→ Instructions for the task: Before repeating the entries below, strip out every picture and keep all else as it is.
═══ Material for the task
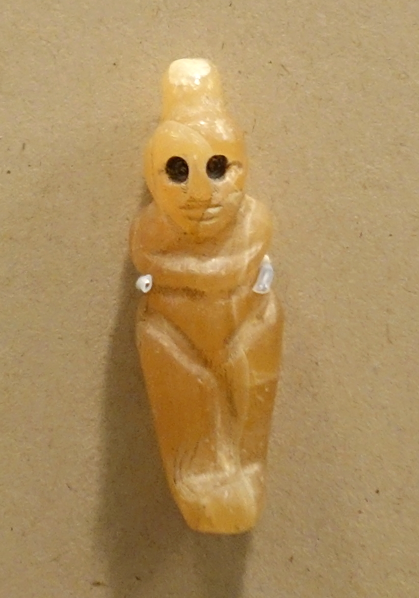 Exhibit in the Oriental Institute Museum, University of Chicago, Chicago, Illinois, USA. This work is old enough so that it is in the public domain.
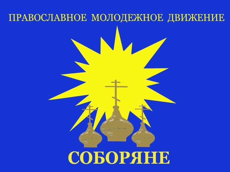 Soboryane
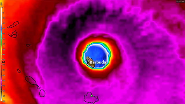 Eye of hurricane Irma over the island of Barbuda, dependency of the State of Antigua and Barbuda, Leeward Islands, Lesser Antilles, Caribbean, on 2017-09-06 ca. 00:00 GMT
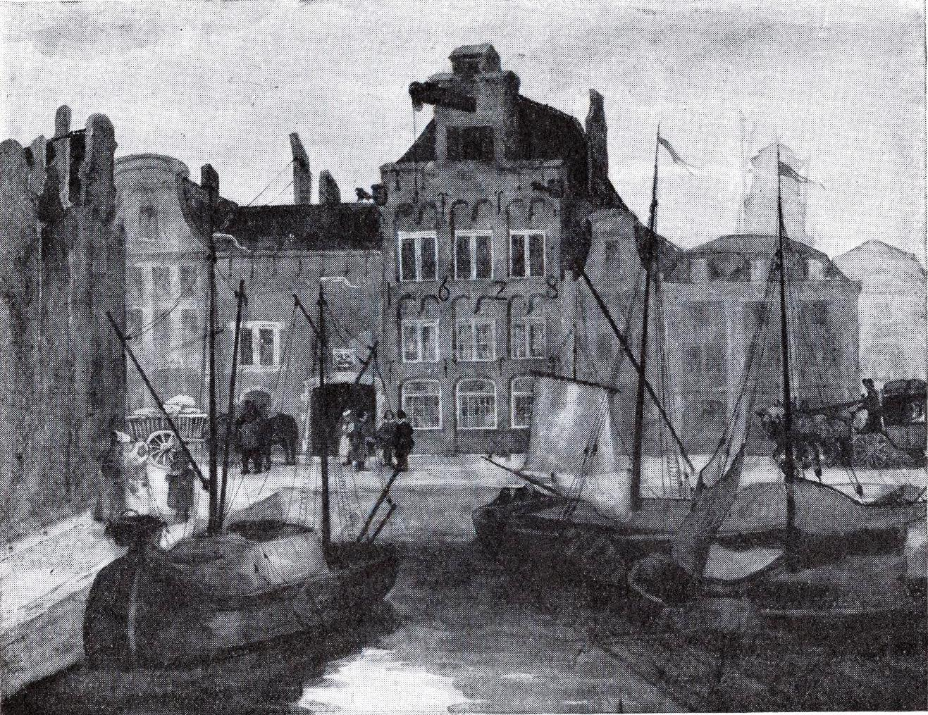 Düsseldorf, Hafenstraße, von Franz Bernhard Custodis, 18. Jhdt.JPG
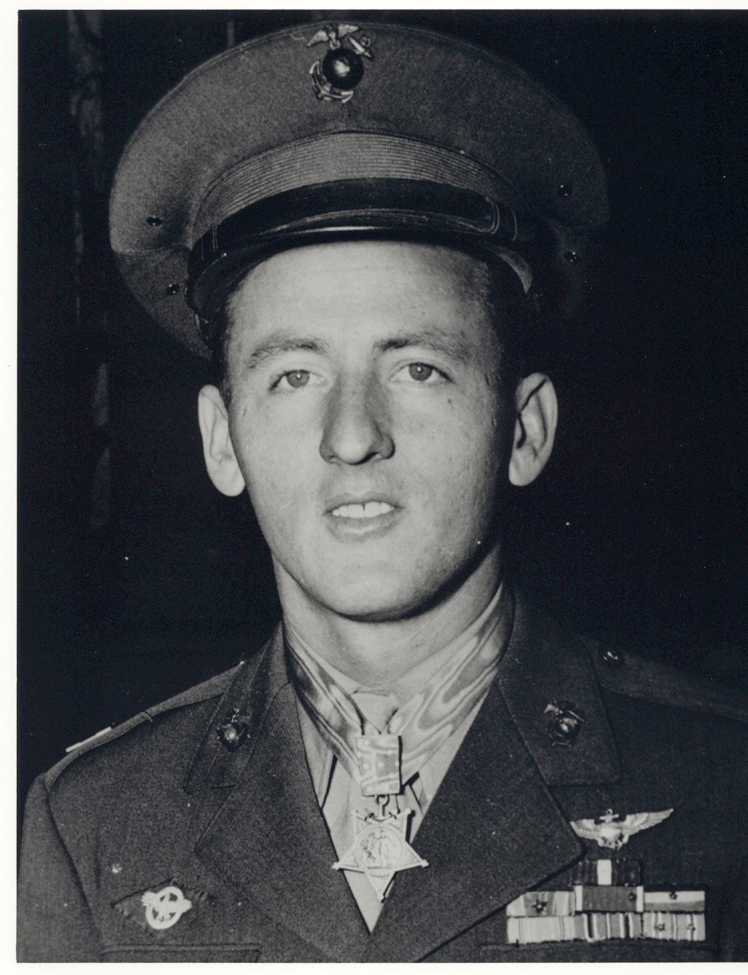 Jefferson J. DeBlanc, USMC, Medal of Honor recipient; hi-res image from United States Marine Corps, History Division (
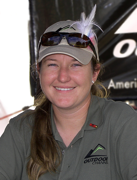 Kim Rhode, Olympic Gold Medal shooter and co-host of the Outdoor Channel's TV program Step Outside at the Texas Parks and Wildlife Expo 2007 in Austin, Texas, United States.
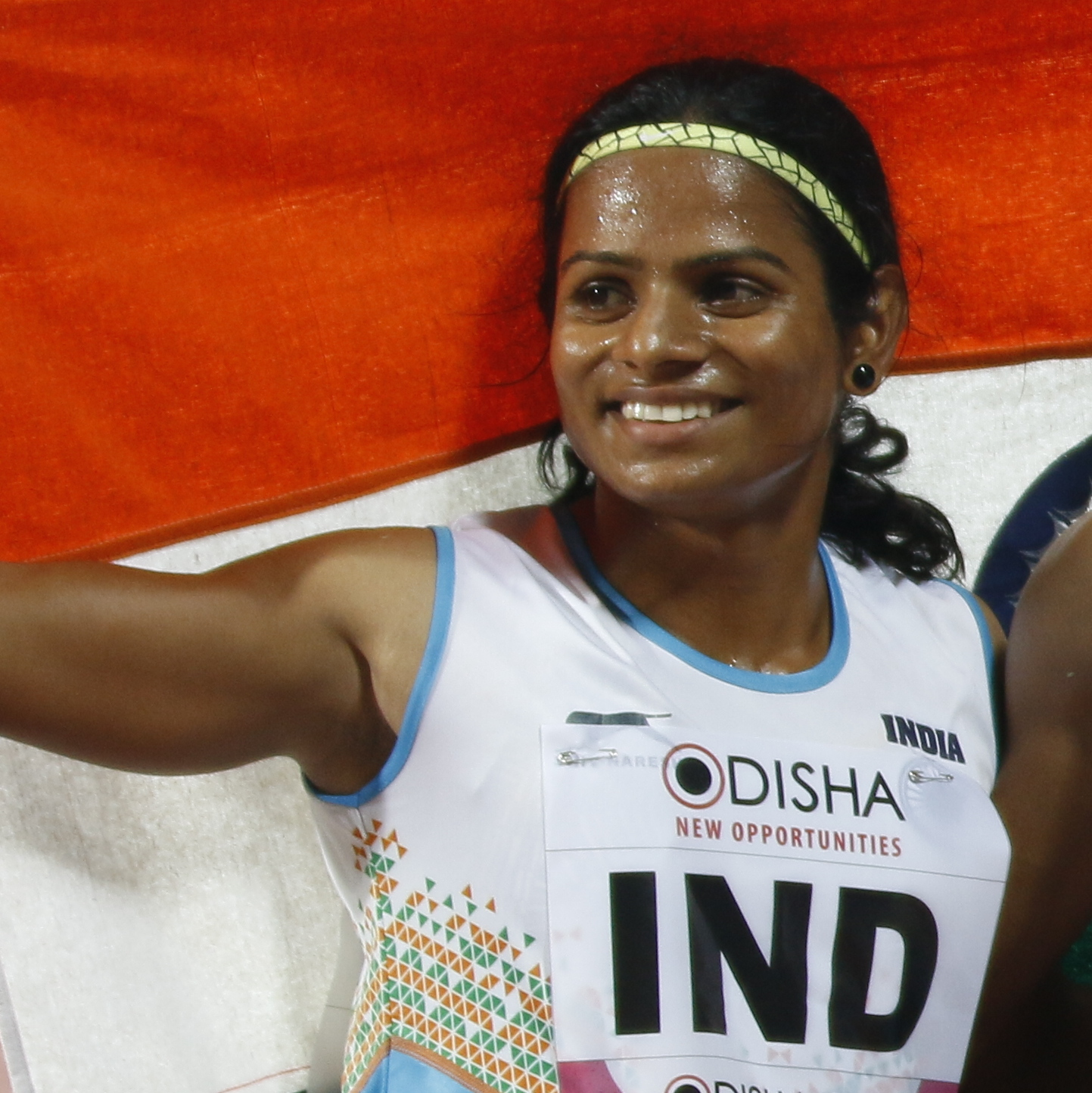 Dutee Chand, Srabani Nanda, Himashree Roy And Merlin Joseph(Bronze Medalist For India) from the 22nd Asian Games in Odisha. 2017 Asian Athletics Championships. 6 to 9 July 2017 at the Kalinga Stadium in Bhubaneswar
══════
→ Your solution:
 Exhibit in the Oriental Institute Museum, University of Chicago, Chicago, Illinois, USA. This work is old enough so that it is in the public domain.
 Soboryane
 Eye of hurricane Irma over the island of Barbuda, dependency of the State of Antigua and Barbuda, Leeward Islands, Lesser Antilles, Caribbean, on 2017-09-06 ca. 00:00 GMT
 Düsseldorf, Hafenstraße, von Franz Bernhard Custodis, 18. Jhdt.JPG
 Jefferson J. DeBlanc, USMC, Medal of Honor recipient; hi-res image from United States Marine Corps, History Division (
 Kim Rhode, Olympic Gold Medal shooter and co-host of the Outdoor Channel's TV program Step Outside at the Texas Parks and Wildlife Expo 2007 in Austin, Texas, United States.
 Dutee Chand, Srabani Nanda, Himashree Roy And Merlin Joseph(Bronze Medalist For India) from the 22nd Asian Games in Odisha. 2017 Asian Athletics Championships. 6 to 9 July 2017 at the Kalinga Stadium in Bhubaneswar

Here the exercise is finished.